Mast Cells, Cytokines and Asthma

Anthony E Redington and Peter H Howarth

Faculty of Medicine, University of Southampton, Southampton General Hospital, Southampton, UK

Copyright © 1994 Hindawi Publishing Corporation. This is an open access article distributed under the Creative Commons Attribution License, which permits unrestricted use, distribution, and reproduction in any medium, provided the original work is properly cited.

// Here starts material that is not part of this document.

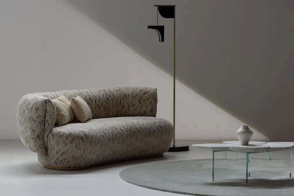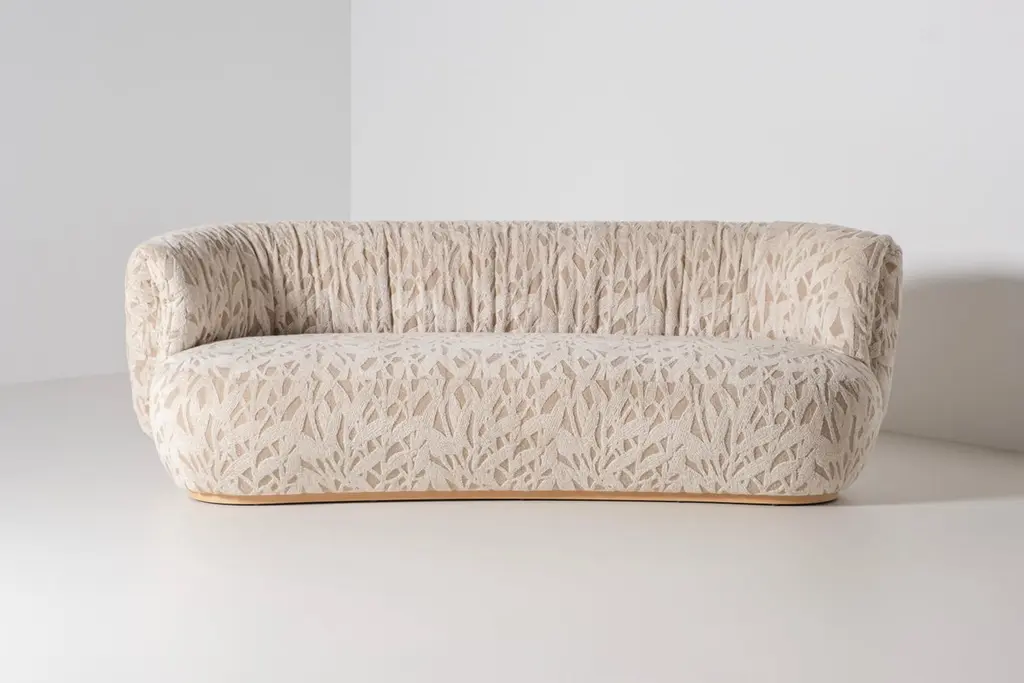 Mid-Century Modern Bolota Sofa, Contemporary Collection, Handcrafted in Portugal - Europe by Greenapple.The Bolota curved sofa captures the organic beauty of nature, taking inspiration from a dewdrop resting delicately on a blade of grass. Its artistic form and plush upholstery create an inviting retreat, perfect for moments of pure relaxation. Designed to easily blend into contemporary interiors, the Bolota curved sofa embodies a balance of timeless craftsmanship and modern artistry.The Bolota sofa is upholstered in beige bouclé fabric. The fabric can be treated with a stain-resistant finish for added durability.Its structure is made from anti-fungal and vermin-free solid steamed beechwood and birch plywood, ensuring exceptional strength and stability. The sofa base is crafted in natural white American oak veneer with open-pore and matte varnish.The Bolota sofa can be customized in terms of dimensions, materials and finishes.Bolota 3-Seat Sofa MaterialsWD027 American Oak, Stained Open-pore, Varnished, Natural White Oak, MatteM104966 Bouclé, BeigeHandcrafted in Portugal - Europe by GreenappleUnique by design, Crafted by peopleGreenapple transforms contemporary spaces into exclusive narratives of design and craftsmanship. From custom-made furniture to bespoke interiors, each creation is a timeless work of art, shaped by master artisans who honor centuries-old techniques.Founded in 2005 by Sérgio Rebola and Rute Martins, Greenapple has earned global recognition among high-end clientele and leading design firms. While Rute designs each unique piece, Sérgio ensures uncompromising quality from design to production and from production to your home. We provide a seamless experience, offering short production lead times, worldwide delivery within 7 to 10 days, and white-glove service upon request.For U.S. clients, we can handle all customs clearance, cover duties, and offer white-glove service as well upon request.Couch, Sette

The appreciation that asthma is a chronic inflammatory disorder of the airways has led to a reappraisal of the importance of different cell populations within the bronchial mucosa with respect to their role in the regulation of the cellular events in this disease. While mast cell degranulation has been implicated in the acute allergic bronchoconstrictor response, activation of this cell population has not been considered relevant to either the late phase inflammatory cell influx within the airways following allergen bronchoprovocation or to the mucosa! eosinophilia in chronic clinical disease. As such, attention has focused on the T lymphocyte as an orchestrator of these cellular events on account of its ability to synthesize and release cytokines relevant to the allergic process. It is now, however, realized that many cell populations within the airways are able to generate cytokines comparable with and complimentary to those produced by T lymphocytes and that asthma cannot be considered an inflammatory airway disorder dependent upon activation of one single cell population. This review details the current evidence that airway mast cells synthesize, store and release cytokines relevant to allergic inflammation and considers their potential involvement not only in the cellular influx within the airways but also in the fibrotic structural changes which are evident in chronic disease.